■ **PROVIDED RECORDS**:

----

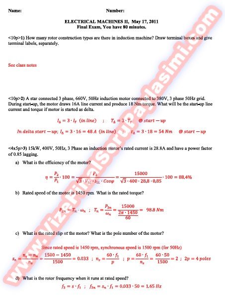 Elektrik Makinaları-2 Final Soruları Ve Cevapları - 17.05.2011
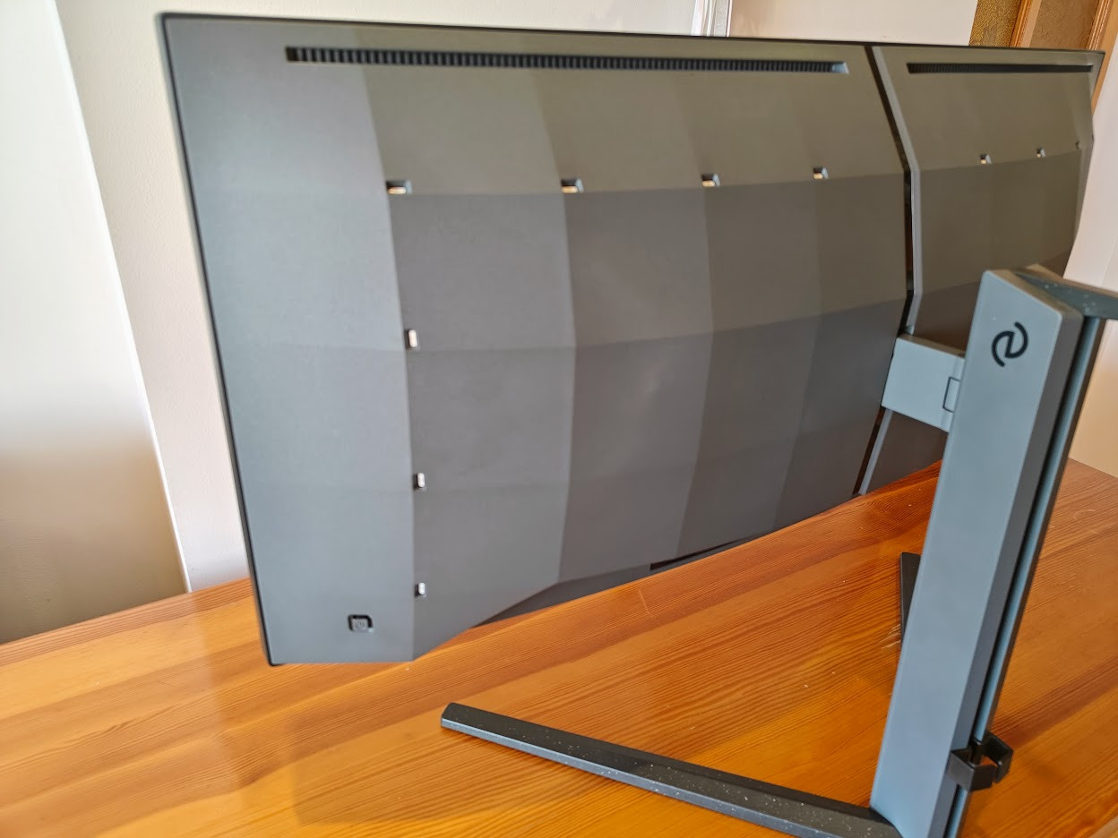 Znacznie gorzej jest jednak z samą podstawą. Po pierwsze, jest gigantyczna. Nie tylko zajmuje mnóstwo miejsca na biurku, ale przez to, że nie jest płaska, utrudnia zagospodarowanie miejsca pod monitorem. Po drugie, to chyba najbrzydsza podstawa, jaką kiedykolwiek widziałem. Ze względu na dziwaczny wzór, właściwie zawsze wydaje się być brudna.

----

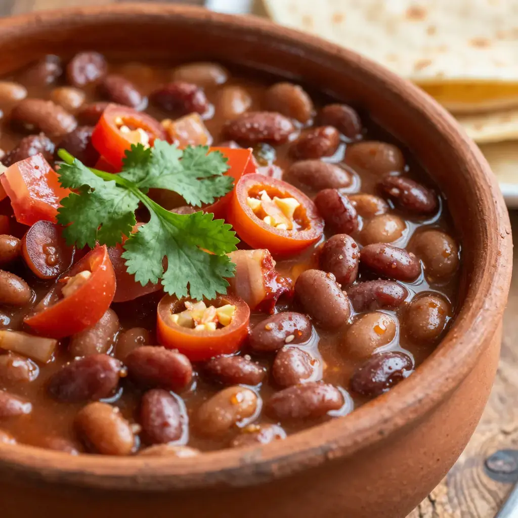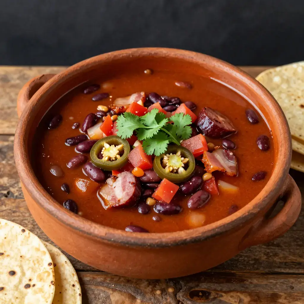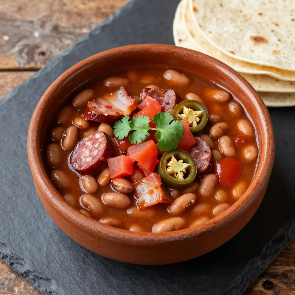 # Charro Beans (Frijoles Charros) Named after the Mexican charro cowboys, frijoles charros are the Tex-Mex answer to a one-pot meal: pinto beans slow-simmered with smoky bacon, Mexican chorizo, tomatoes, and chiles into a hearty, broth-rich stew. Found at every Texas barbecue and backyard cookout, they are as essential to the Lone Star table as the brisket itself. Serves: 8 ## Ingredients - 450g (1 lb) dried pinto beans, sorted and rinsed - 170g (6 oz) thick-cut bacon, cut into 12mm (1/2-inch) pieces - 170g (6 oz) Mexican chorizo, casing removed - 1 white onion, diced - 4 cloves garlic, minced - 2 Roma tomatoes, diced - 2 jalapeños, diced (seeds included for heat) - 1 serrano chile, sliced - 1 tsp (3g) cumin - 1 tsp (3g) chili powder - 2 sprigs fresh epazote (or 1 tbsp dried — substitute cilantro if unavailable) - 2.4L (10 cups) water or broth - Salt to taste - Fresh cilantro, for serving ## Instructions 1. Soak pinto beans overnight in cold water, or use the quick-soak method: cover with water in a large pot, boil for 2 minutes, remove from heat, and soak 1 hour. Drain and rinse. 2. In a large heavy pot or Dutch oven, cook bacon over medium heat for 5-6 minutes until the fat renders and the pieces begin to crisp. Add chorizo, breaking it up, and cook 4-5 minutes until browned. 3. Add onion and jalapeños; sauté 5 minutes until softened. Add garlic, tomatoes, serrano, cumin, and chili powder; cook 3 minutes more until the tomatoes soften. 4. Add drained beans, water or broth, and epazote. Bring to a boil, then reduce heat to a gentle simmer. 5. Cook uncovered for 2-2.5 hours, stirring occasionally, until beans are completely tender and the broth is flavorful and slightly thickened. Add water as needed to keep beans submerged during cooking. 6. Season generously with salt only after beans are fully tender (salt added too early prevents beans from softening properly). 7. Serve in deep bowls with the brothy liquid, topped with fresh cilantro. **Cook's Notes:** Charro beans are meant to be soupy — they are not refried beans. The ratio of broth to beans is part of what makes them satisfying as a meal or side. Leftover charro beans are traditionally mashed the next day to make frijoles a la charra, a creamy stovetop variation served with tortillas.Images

----

■ **THE TASK**: Repeat the lines above exactly, beginning with the one containing "Elektrik Makinaları-2 Final" and finishing with the one containing "Znacznie gorzej jest". No pictures belong in the copy.

■ **OUTPUT OF THE EXERCISE**:
 Elektrik Makinaları-2 Final Soruları Ve Cevapları - 17.05.2011
 Znacznie gorzej jest jednak z samą podstawą. Po pierwsze, jest gigantyczna. Nie tylko zajmuje mnóstwo miejsca na biurku, ale przez to, że nie jest płaska, utrudnia zagospodarowanie miejsca pod monitorem. Po drugie, to chyba najbrzydsza podstawa, jaką kiedykolwiek widziałem. Ze względu na dziwaczny wzór, właściwie zawsze wydaje się być brudna.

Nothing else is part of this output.